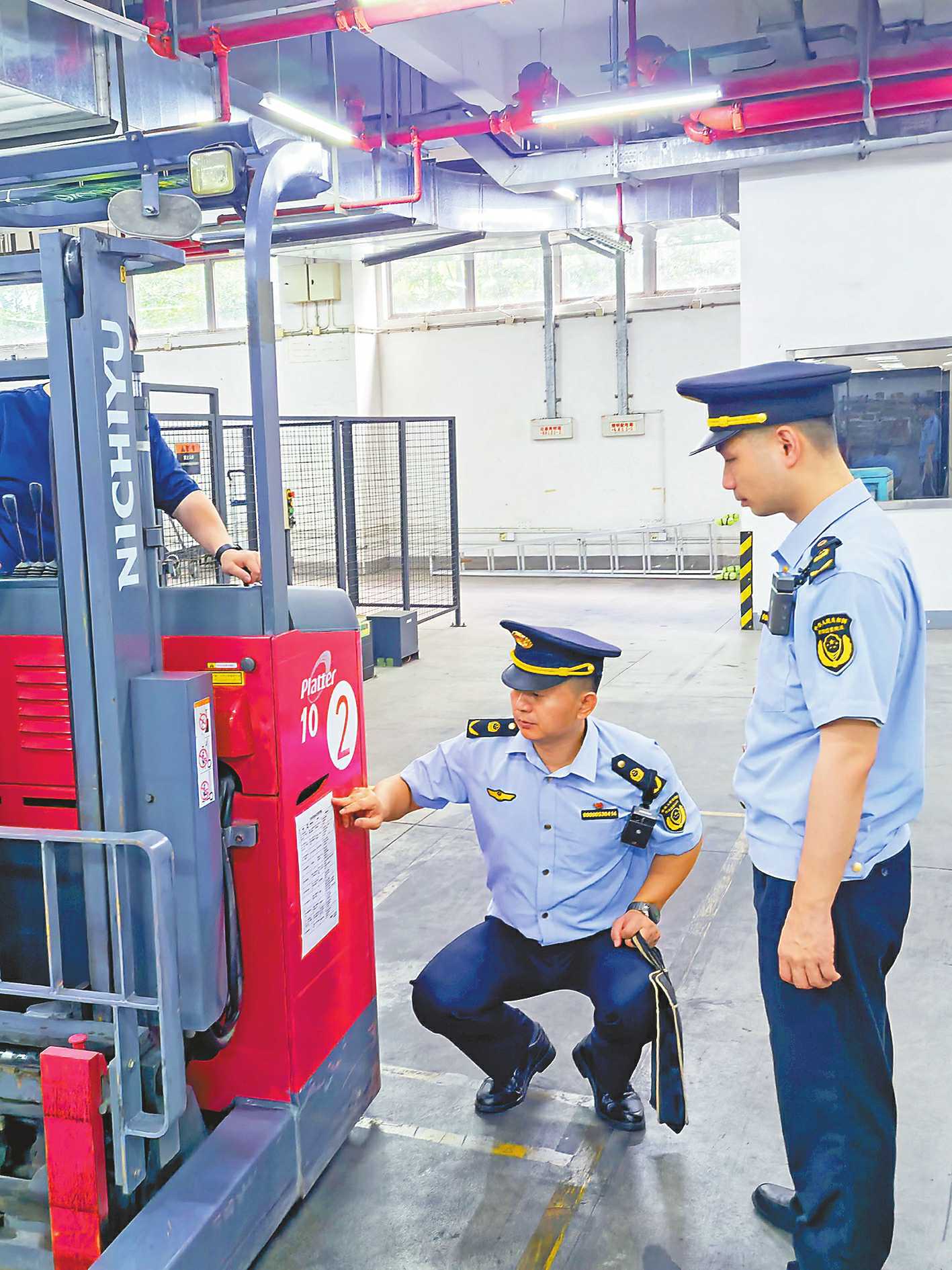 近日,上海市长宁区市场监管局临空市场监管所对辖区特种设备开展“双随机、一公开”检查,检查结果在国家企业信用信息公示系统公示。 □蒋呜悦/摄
...
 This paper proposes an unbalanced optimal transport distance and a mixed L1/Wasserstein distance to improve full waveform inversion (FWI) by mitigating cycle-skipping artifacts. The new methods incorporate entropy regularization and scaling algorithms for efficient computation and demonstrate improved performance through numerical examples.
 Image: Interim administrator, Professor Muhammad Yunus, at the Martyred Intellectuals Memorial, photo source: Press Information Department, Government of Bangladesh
* * *
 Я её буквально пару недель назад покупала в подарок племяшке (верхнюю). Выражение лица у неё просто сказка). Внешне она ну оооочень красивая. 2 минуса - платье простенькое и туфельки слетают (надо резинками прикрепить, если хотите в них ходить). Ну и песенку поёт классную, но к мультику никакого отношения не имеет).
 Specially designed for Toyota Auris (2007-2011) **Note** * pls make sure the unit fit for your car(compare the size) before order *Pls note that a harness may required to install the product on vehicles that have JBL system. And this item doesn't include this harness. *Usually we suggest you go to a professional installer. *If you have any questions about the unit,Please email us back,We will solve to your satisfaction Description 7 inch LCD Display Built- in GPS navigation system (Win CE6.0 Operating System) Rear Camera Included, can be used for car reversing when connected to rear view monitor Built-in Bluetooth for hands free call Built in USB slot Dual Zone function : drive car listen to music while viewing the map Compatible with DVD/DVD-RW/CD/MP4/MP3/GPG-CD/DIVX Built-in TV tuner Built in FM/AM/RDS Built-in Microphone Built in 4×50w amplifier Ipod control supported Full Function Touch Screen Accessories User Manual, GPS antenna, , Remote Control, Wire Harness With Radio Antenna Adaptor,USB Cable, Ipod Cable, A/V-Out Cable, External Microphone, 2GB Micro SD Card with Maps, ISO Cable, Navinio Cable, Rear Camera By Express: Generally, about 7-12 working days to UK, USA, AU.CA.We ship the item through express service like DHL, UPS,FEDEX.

:: Work required ::
What lines of the data include the word "through"? Copy each of them.

:: Solved problem ::
 This paper proposes an unbalanced optimal transport distance and a mixed L1/Wasserstein distance to improve full waveform inversion (FWI) by mitigating cycle-skipping artifacts. The new methods incorporate entropy regularization and scaling algorithms for efficient computation and demonstrate improved performance through numerical examples.
 Specially designed for Toyota Auris (2007-2011) **Note** * pls make sure the unit fit for your car(compare the size) before order *Pls note that a harness may required to install the product on vehicles that have JBL system. And this item doesn't include this harness. *Usually we suggest you go to a professional installer. *If you have any questions about the unit,Please email us back,We will solve to your satisfaction Description 7 inch LCD Display Built- in GPS navigation system (Win CE6.0 Operating System) Rear Camera Included, can be used for car reversing when connected to rear view monitor Built-in Bluetooth for hands free call Built in USB slot Dual Zone function : drive car listen to music while viewing the map Compatible with DVD/DVD-RW/CD/MP4/MP3/GPG-CD/DIVX Built-in TV tuner Built in FM/AM/RDS Built-in Microphone Built in 4×50w amplifier Ipod control supported Full Function Touch Screen Accessories User Manual, GPS antenna, , Remote Control, Wire Harness With Radio Antenna Adaptor,USB Cable, Ipod Cable, A/V-Out Cable, External Microphone, 2GB Micro SD Card with Maps, ISO Cable, Navinio Cable, Rear Camera By Express: Generally, about 7-12 working days to UK, USA, AU.CA.We ship the item through express service like DHL, UPS,FEDEX.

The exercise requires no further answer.